Clearly, as human beings, evolution has provided us with the ability to efficiently navigate an ever-changing world, interpret our experience and make decisions—an astonishing capability, given the immense volumes of data that we process, its moderate likelihood of being distorted, its fickle temporal availability and its variable information content. Flies and other insects, facing their own version of this problem, have evolved optical and neural mechanisms that rapidly and efficiently filter visual information to find what is important amid variable environmental conditions. In thinking about the data-processing demands of machine vision, we can probably learn a lot from insects.

In this feature article, we look at some of the ways insect visual systems have solved the information problem—and how those solutions could inform computer vision architectures. After summarizing some essential aspects of insect vision and their intricate optical and neural components, we propose an insect-inspired design framework that involves optical encoding, sparse sampling with spatial compression, and shallow hardware postprocessing. Such a framework, we believe, can produce machine vision systems that can reliably extract higher-level signals in the face of noise—and can do so with lower computational costs than systems based on deep learning.

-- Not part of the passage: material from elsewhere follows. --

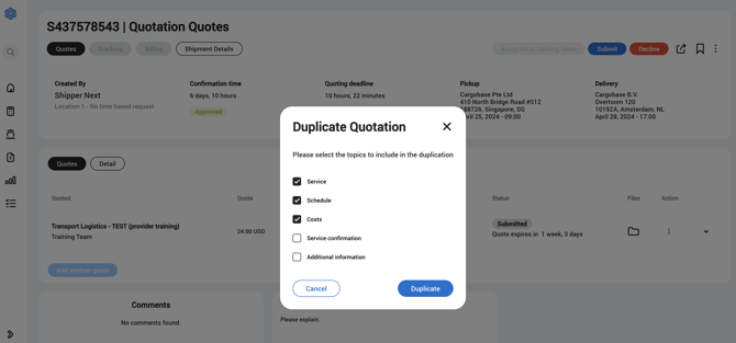 You will receive a prompt asking which information you would like to transfer to the new quote. Choose the specific details you require for the duplicated quote.

figureInsect eyes showing multiscale, meso-ordered optics. Left: A green long-legged fly (top) and its characteristic facet pattern with alternating rows of corneal interference reflectors (bottom). Center: The Mourning Cloak, a diurnal butterfly (top) and the polycrystalline domains of corneal nano­structures on one of its facet lenses (bottom). Right: A Hemianax papuensis dragonfly (top) with fractal nanostructures (bottom) on its wings. [D.G. Stavenga et al. J. Comp. Physiol. A 203, 23 (2017) / K. Lee et al. Sci. Rep. 6, 28342 (2016) / E.P. Ivanova et al. PLOS One 8, e67893 (2013); CC-BY 4.0]

From bio-inspiration to “biospeculation”

Fast-flying insects such as flies offer a particularly illuminating place to start. As anyone who has attempted to swat one can attest, flies have record-speed reflexes, as measured by their light-startle response. They physically react to a flash within milliseconds, faster than a typical camera frame rate. A speedy fly can travel about 10 m/s, covering a thousand times its body length in only a second—the equivalent of Superman flying at 10 times the speed of sound. The fly manages a range of impressive, high-speed maneuvers in response to visual stimuli—and the mechanisms it has evolved for doing so may well offer a key for robust high-speed analyses in optical image processing and future camera designs.

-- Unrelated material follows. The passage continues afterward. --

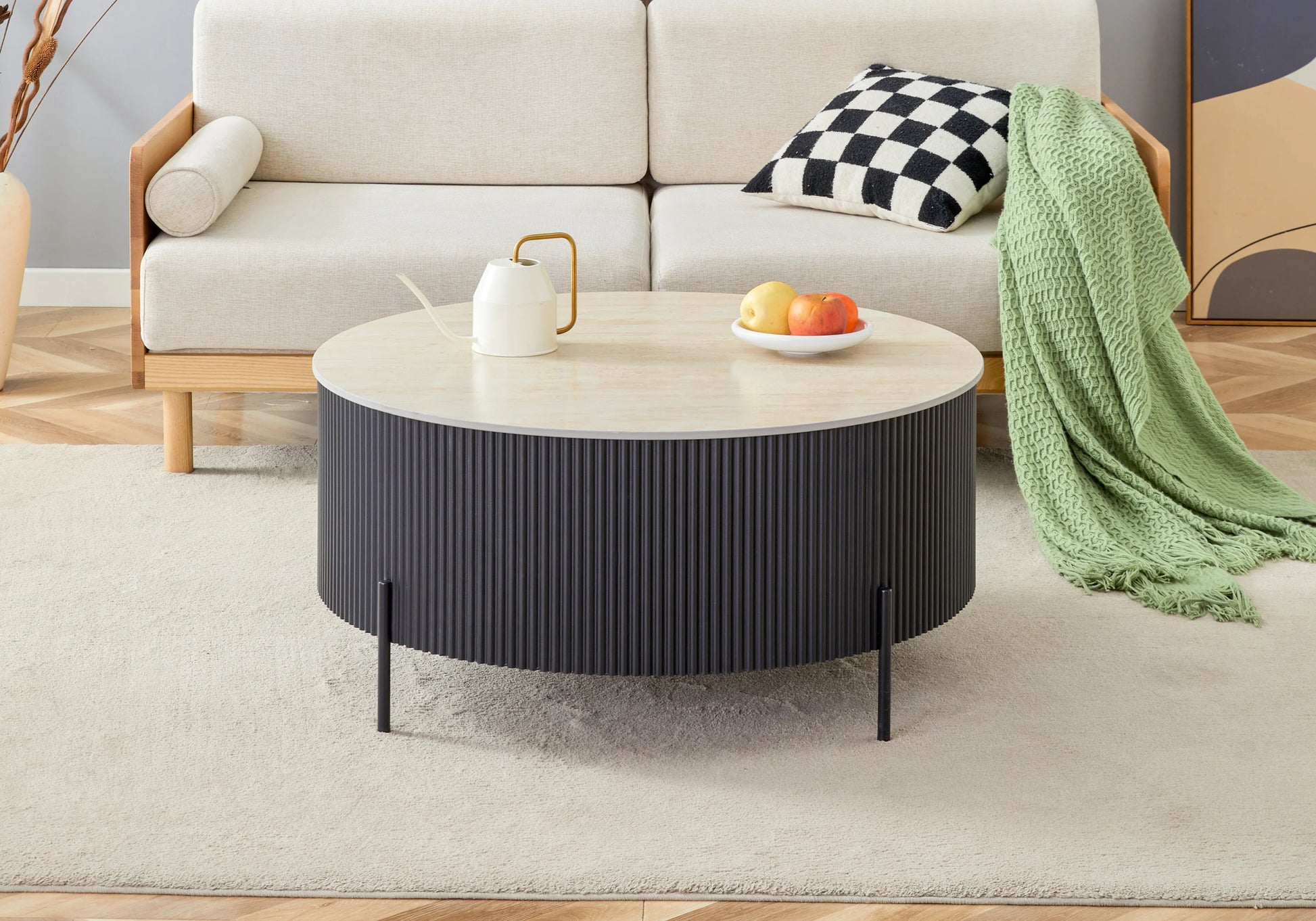 Table Basse Lira Ronde Travertin Pied Cannelé Noir

Moths offer another inspiring case. These insects can fly and find their way in cluttered environments at extremely low light levels and see with sensitive color vision. Their special eye structures and visual capacities may well provide an example for low-light camera systems.

These insect examples for imaging technology, however, raise other questions. How can computer vision systems actually achieve the robust, high-speed signal processing of flying insects? How do insects find each other in noisy environments? How do they efficiently sample data with so few receptors and quickly process the information with their small brains?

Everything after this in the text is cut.